= Heba Raouf Ezzat =

Egyptian academic, thinker, writer and activist

Heba Raouf Ezzat (born 25 July 1965) is an Egyptian academic, writer and activist. She was a visiting lecturer at the American University in Cairo, and Assistant Professor of Political Science at the Faculty of Economics and Political Science of Cairo University. She is among the prominent Egyptian intellectuals who left Egypt after the 2013 Egyptian coup. Currently Raouf teaches political theory at the Alliance of Civilizations Institute, Ibn Haldun University.

== Education ==
Heba Raouf obtained her BA (Honors), MA (Honors) and PhD in Political Science from Cairo University in Egypt.

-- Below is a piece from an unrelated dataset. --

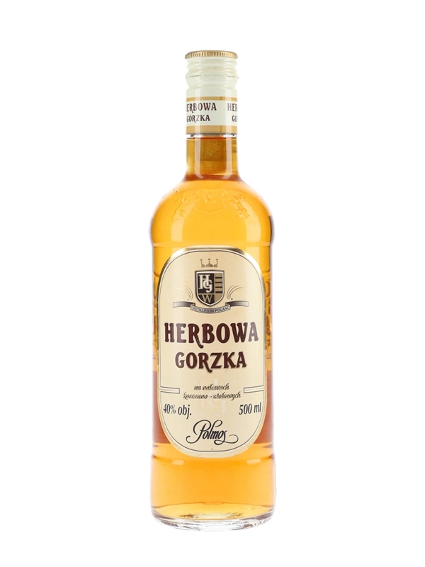A 50cl bottle of Polmos Herbowa Gorzka (herbal bitter) liqueur from Poland.

She completed her BA (Honours) in 1987, and obtained her MA (Honours) in 1992. The title of her MA thesis was "The Woman and Political Work: An Islamic Vision." She obtained her PhD from the Faculty of Economics and Political Science, Cairo University, on 31 May 2007. The topic of her doctorate thesis was "The Concept of Citizenship: A Study of Its Development in Liberal Thought."

== Academic experience ==
Raouf began her academic career at Cairo University as a teaching assistant and then lecturer in political science at Cairo University, where she later became assistant professor (1987–present). She was a visiting scholar at the Center for Democracy Studies at Westminster University, London from September 1995 to September 1996. She visited Oxford Center for Islamic Studies as a researcher from January 1998 to August 1998. She was also a lecturer of political theory at the American University (2006 until present).

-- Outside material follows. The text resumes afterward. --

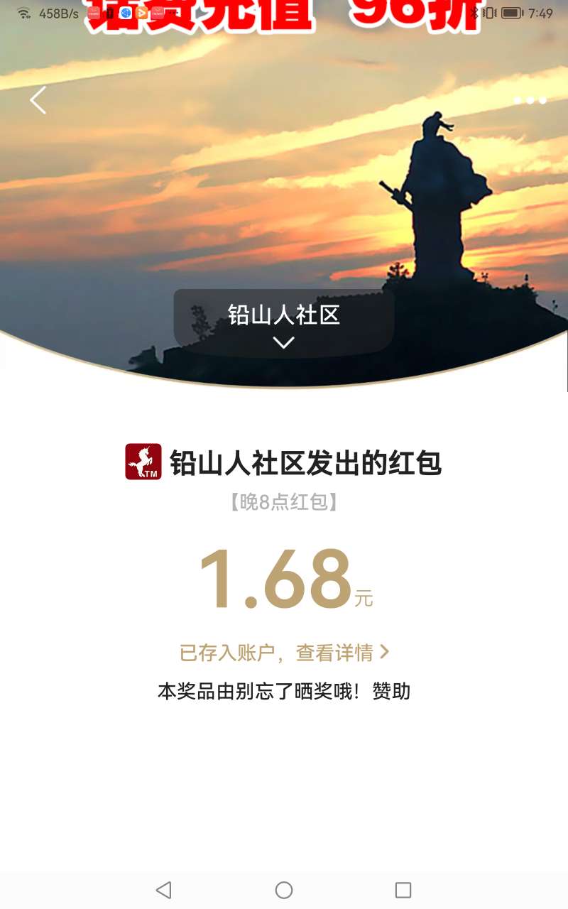 网友晒奖|刚刚刷到一路发了,1.68元大红包

She was a founding member of IslamOnline in 1999 and worked as a consultant and writer for the site between 1999-2003. She was a visiting fellow at the Center for Middle Eastern Studies University of California, Berkeley in January–February 2010. She was invited to be an independent visiting scholar at the Prince Alwaleed Bin Talal Center for Muslim-Christian Understanding (ACMCU) Georgetown University in Washington in 2012. She was a visiting scholar at Oxford Center for Islamic Studies in Summer 2012. She was a visiting fellow at London School of Economics (2015-2016).

== Role in politics ==
Before the 2011 revolution, Raouf was involved with various civil political movements in Egypt. She was the founder of the "حماية" (Protection) movement that aimed to make politicians accountable. She was also part of a movement calling for the release of political detainees ahead of the 2005 presidential elections in Egypt.

Raouf was also part of the 10 member advisory committee for drafting the new constitution under Mohammad Morsi in 2012. However, she resigned before it was completed. Along with other pro-democracy intellectuals and activists, Raouf was forced to leave Egypt in the aftermath of the 2013 coup which led to the return of military rule in the country.